The Obama-McGuinty connection: Good for Canada-U.S. relations?

This past weekend, U.S. president Barack Obama went to the Chicago wedding of Scarborough-Rouge River MPP Bas Balkissoon's son Tony.

Tony Balkissoon, 29. is a lawyer in the city. He married Laura Jarrett, also a lawyer, the daughter of Valerie Jarrett, one of Obama's most influential advisors.

The Obama's private residence in Chicago was in walking distance from Valerie Jarrett's mother's home, where the wedding was held in the backyard.

The Liberal MPP was seen in deep conversation with Obama and Attorney General Eric Holder at the high-security nuptials.

The Toronto Star points out that this marriage is only one of several links between Obama and Ontario Premier Dalton McGuinty, Bas Balkissoon's boss.

David Axelrod, another key advisor for Obama, was a McGuinty strategist from 2000 to 2002.

"He owes me big time for that," McGuinty told reporters in 2008, joking that Obama took notes from his playbook. "Barack Obama is delivering a message that is based on hope and he's speaking to what I think is an innate longing and yearning felt in people everywhere.

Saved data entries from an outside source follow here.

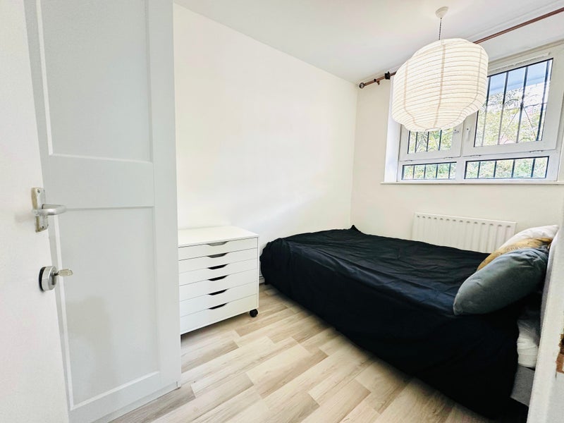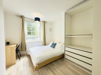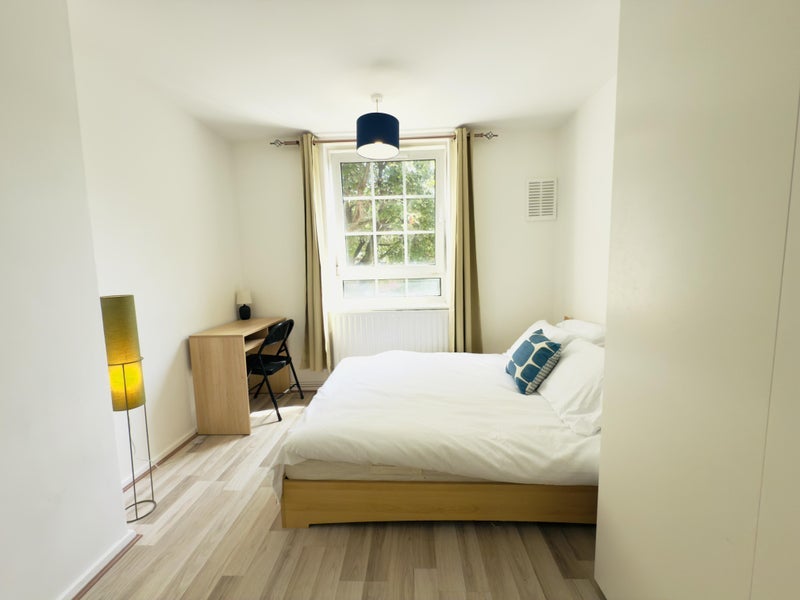 This bright and well-maintained apartment features a contemporary layout with neutral décor throughout. The flat includes a fully equipped kitchen, a shared bathroom, and a separate WC. The room available is generously sized, furnished with a double bed, large wardrobe, chest of drawers, and desk - perfect for remote work or study.
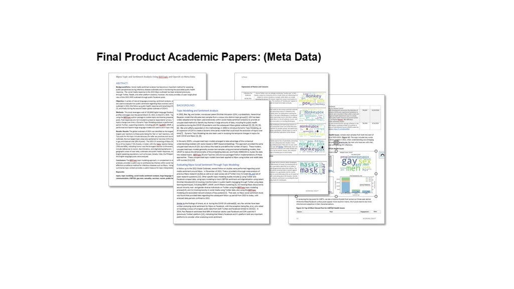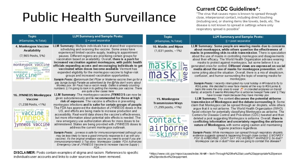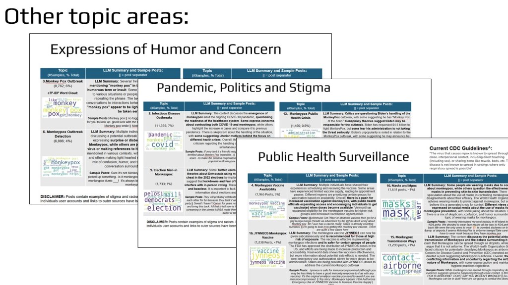 Approach: My contribution to the team’s work was to use unsupervised topic modeling to identify key themes in the Mpox outbreak and how they evolved from 2023-25. The work primarily used the BERTopic package in Python, which takes advantage of context-based vectors, pre-trained using the BERT transformer model, and then clustered the embeddings to identify themes that are contextually similar to one another. OpenAI’s ChatGPT was used to develop summary of the postings to better interpret the themes. Other members of the team explored use of LLMs to accurately predict sentiment based on hand labeled X, in a supervised modeling approach.
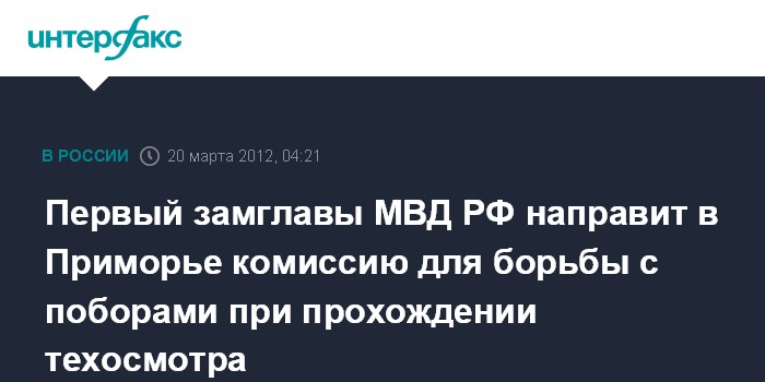 Первый замглавы МВД РФ направит в Приморье комиссию для борьбы с поборами при прохождении техосмотра
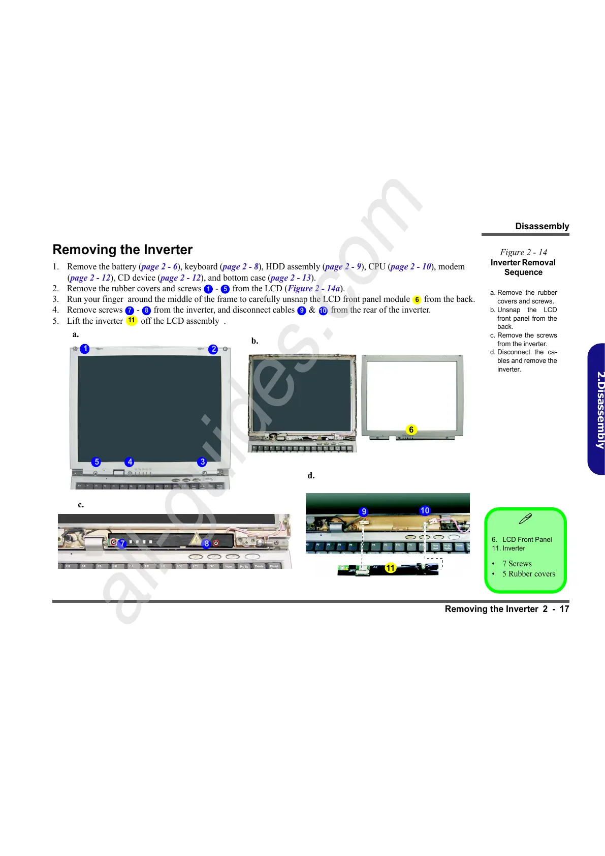 2. Remove the rubber covers and screws - from the LCD (Figure 2 - 14a).
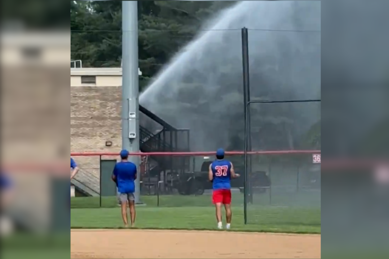 The incident reportedly stemmed from a baseball hit over the outfield fence during batting practice, which landed in the parking lot of nearby Fire Station 16 and damaged a volunteer firefighter’s pickup truck. In what appeared to be retaliation, a fire hose was used to douse the field with water.

Toronto Liberal Jean-Michel Picher, who helped the premier with last year's provincial election, worked on Obama's presidential primary campaign in 2007 and 2008.

And some analysts can't help but compare Obama to McGuinty when the president talks about the Keystone pipeline, appealing to the green lobby:

"The president appears to have torn a page from the playbook of Dalton McGuinty, of all people. In the recent Ontario election, McGuinty consciously and deliberately appealed to affluent downtown Toronto environmentalists, at the risk of losing critical rural districts where opposition to wind turbines is overwhelming. He lost those rural seats but kept the downtown seats, squeaking to a very bare victory," writes Canadian Energy Issues' Steve Aplin.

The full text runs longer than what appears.